TRIFECTA: Gen2 Cruze 1.4T Turbo Upgrade Testing

This week we installed an upgraded wheel turbo on one of our Gen2 Cruzes. Yesterday we had an opportunity to do some initial calibration work on the dyno. The results are impressive, particularly for such a non-invasive hardware upgrade. Peak horsepower gained about 15WHP, however, the power stays near the peak much further into the RPM band, giving a gain of almost 25WHP at 5750 RPM, over the stock turbo. Aside from the turbo, K&N intake and TRIFECTA calibration, this vehicle is otherwise completely stock.

Link to our Facebook page post: Gen2 Cruze 1.4T Turbo Upgrade




















Torque is up only slightly but our current theory is a waste gate actuator upgrade may be necessary to run higher boost in the mid range (to raise torque further).
From here, we'll be putting some miles on the car to test reliability. Stay tuned for more info!


----------



## mean buzzen half dozen (May 13, 2018)

Any new updates?


----------



## TRIFECTA (Feb 17, 2011)

mean buzzen half dozen said:


> Any new updates?


We're still developing the calibration, testing, validating the results etc. Once we have something new to report we will definitely share it though


----------



## Taxman (Aug 10, 2017)

Is that a larger turbine, a larger compressor, or both?


----------



## TRIFECTA (Feb 17, 2011)

Taxman said:


> Is that a larger turbine, a larger compressor, or both?


Its an upgraded/larger billet compressor.


----------



## GastonGaudio (Sep 9, 2018)

any news ?


----------



## Uncharted_S420 (Jun 25, 2019)

Any advancements?


----------



## mean buzzen half dozen (May 13, 2018)

Can I purchase your reverse billet compressor wheel from you?
I already have a larger reverse turbine wheel.
Thank you


----------



## mean buzzen half dozen (May 13, 2018)

mean buzzen half dozen said:


> *Can I purchase your reverse billet compressor wheel from you?*
> I already have a larger reverse turbine wheel.
> Thank you


Bump?


----------



## mean buzzen half dozen (May 13, 2018)

mean buzzen half dozen said:


> Bump *Can I purchase your reverse billet compressor wheel from you?* ?


BUMP


----------



## mean buzzen half dozen (May 13, 2018)

I would think most people would not buy a turbo for $1000 plus dollars.
But I would think some people would be in to increasing the compressor wheel.



I too, think the wastegate is weak, but I also believe the turbine wheel is too small also.
*That is why I purchase a larger & less bladed higher flowing turbine wheel.*
I am working on a fixture to be able to machine the turbine housing.

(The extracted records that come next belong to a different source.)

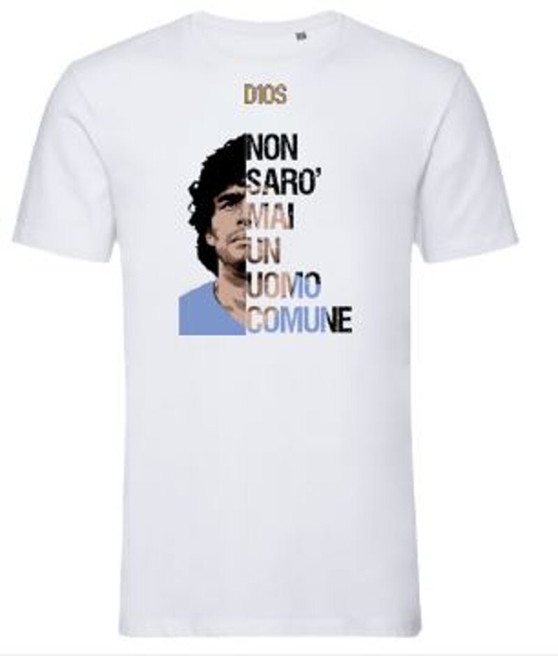 Scopri la nostra esclusiva maglia dedicata a Maradona, un vero tributo a uno dei più grandi calciatori di tutti i tempi. Questa maglia è caratterizzata da un gioco di grafica unico, che riporta una delle frasi più celebri pronunciate da Diego in un'intervista con Gianni Minà. La frase, che esprime la passione e l'amore per il calcio, è stampata con un design accattivante che cattura l'essenza del suo spirito. Indossare questa maglia significa portare con sé non solo un pezzo di storia, ma anche un simbolo di dedizione e talento. Realizzata con materiali di alta qualità, è perfetta per ogni tifoso che desidera celebrare l'eredità di Maradona. Disponibile in diverse taglie, questa maglia è un must-have per chiunque voglia onorare il mito e sentirsi parte della sua leggenda. Non perdere l'opportunità di aggiungere questo pezzo esclusivo alla tua collezione. Ordina la tua maglia Maradona oggi stesso e fai parte di questa celebrazione del calcio e della cultura sportiva!
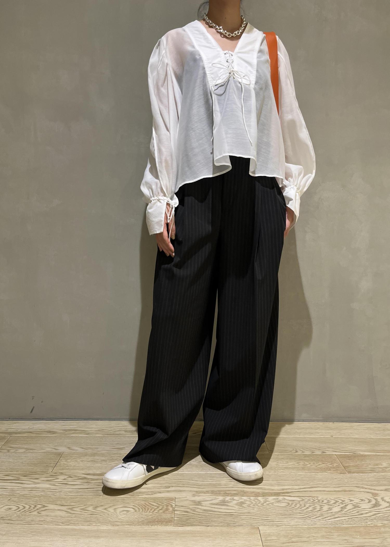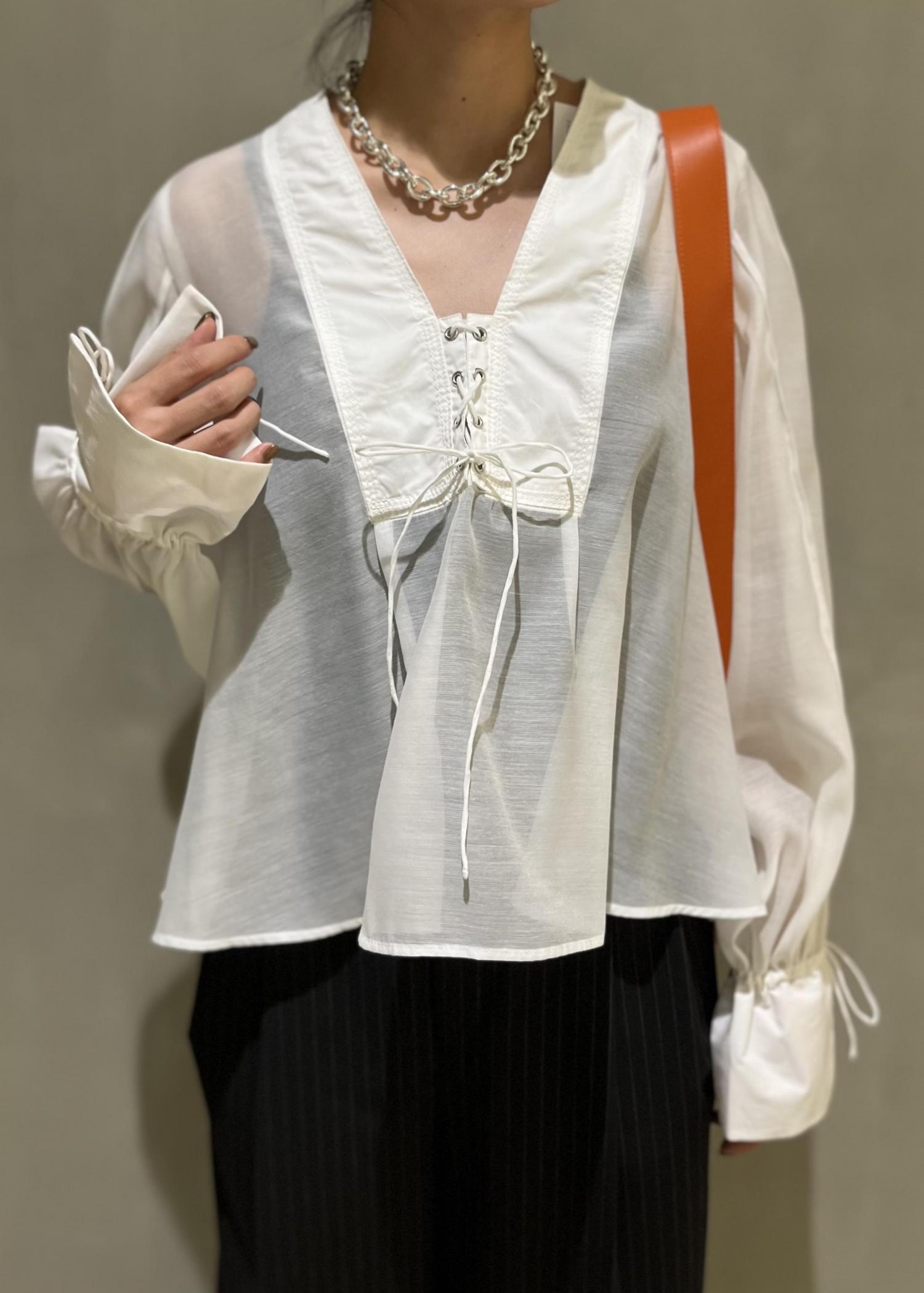 レースアップの甘めな要素と、シアー素材で大人な要素がミックスされたお洒落なブラウスです!!
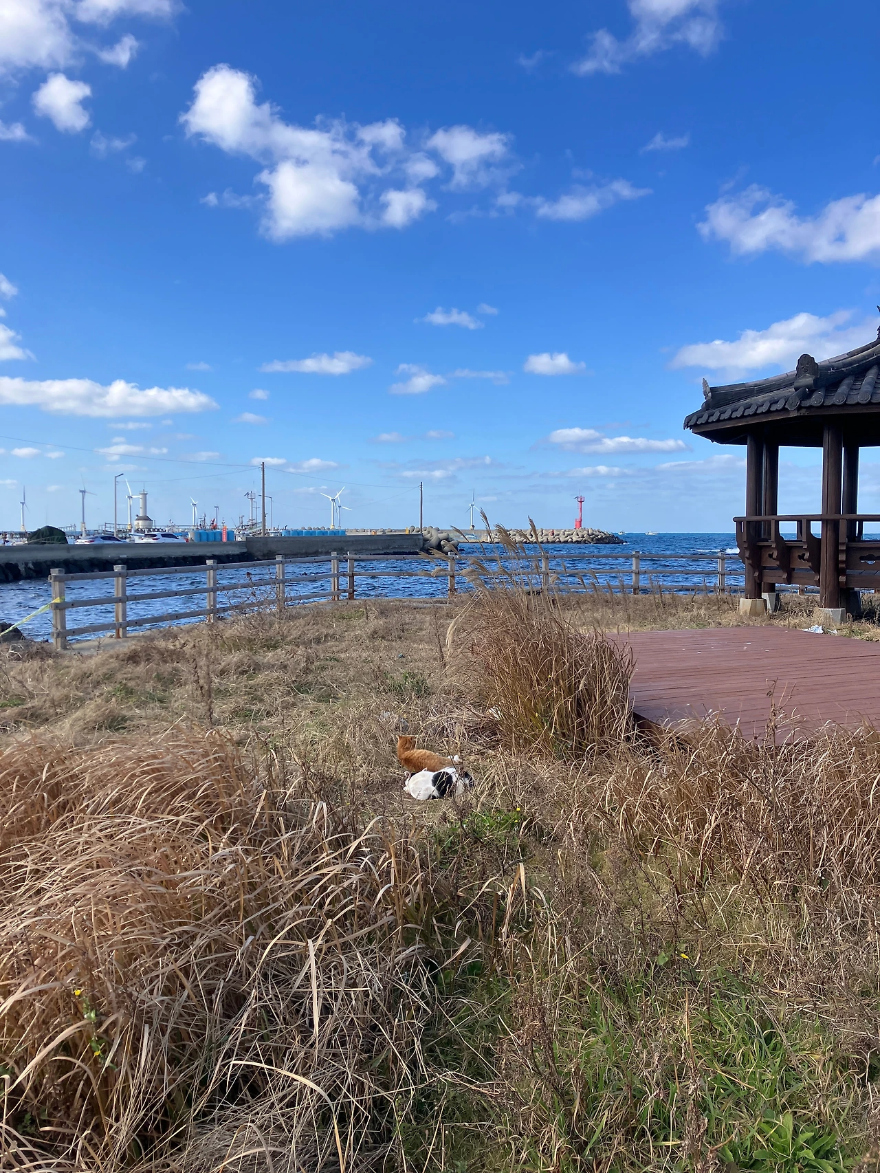 정자 쉼터 옆에 냥이들이 옹기종기 모여 앉아있네요.
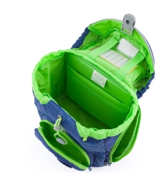 Setul OXY Sherpy Blue este o alegere de încredere pentru copiii din clasele I–III. Compartimentul principal cu șnur de strângere și închidere magnetică permite deschiderea ușoară cu o singură mână, iar separatorul intern menține ordinea în manuale și caiete. Buzunarul frontal pentru gustare și buzunarele laterale cu fermoar oferă spații de depozitare suplimentare, bine organizate.
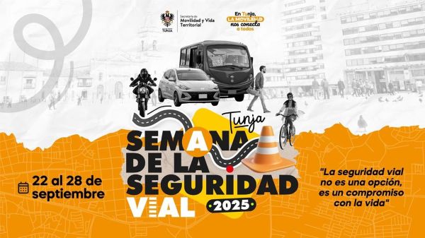 La Secretaría de Movilidad y Vida Territorial invita a todos los tunjanos a participar en la Semana de la Seguridad Vial, que se llevará a cabo del 22 al 28 de septiembre de 2025 en la capital boyacense.
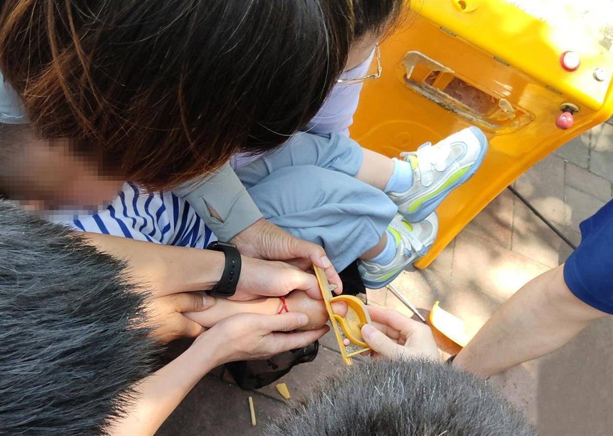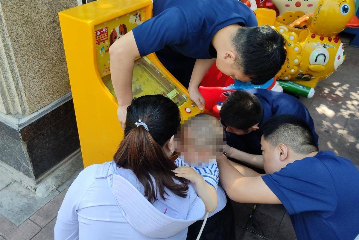 5月17日10时03分,武汉市洪山区张家湾街道某小区外,一名2岁幼童的右手食指,不慎被卡进放置在商铺门前的游戏机弹珠槽内。接到报警后,武汉市消防救援指挥中心立即调派青菱路消防救援站赶赴现场处置。消防员在到达现场后,发现幼童正站在一台投币式游戏机旁,幼童的右手食指被卡在游戏机投币口旁边的圆形弹珠槽内。为尽快使幼童手指脱困,在与商家沟通协商后,消防员决定先使用工具将游戏机弹珠槽从主机上撬出,待整个弹珠槽部件从主机上取下后,再使用剪刀钳对弹珠槽边缘进行剪切。最终,该幼童成功脱困。由于救援及时,幼童手指并无大碍。
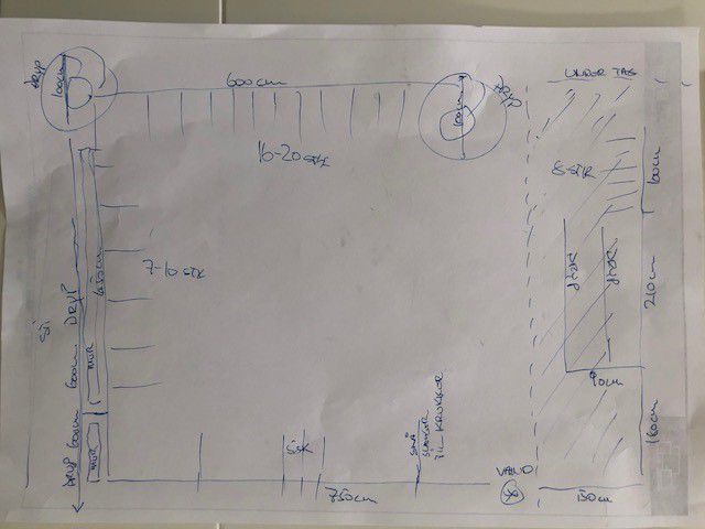 Først lavede jeg en hurtig håndtegning, over hvordan vandingssystemet skulle se ud.

You might be able to sell a bunch of larger compressor wheels over a complete turbo & offer machining sevices?

Just a thought.

Thank you.


----------



## FILTHYPANDUH707 (Aug 20, 2019)

I have a question. Is a twin turbo set up possible using the stock turbos? Really curious.


----------



## Iamantman (Sep 24, 2018)

FILTHYPANDUH707 said:


> I have a question. Is a twin turbo set up possible using the stock turbos? Really curious.


Anything is possible if ya got the money ?


----------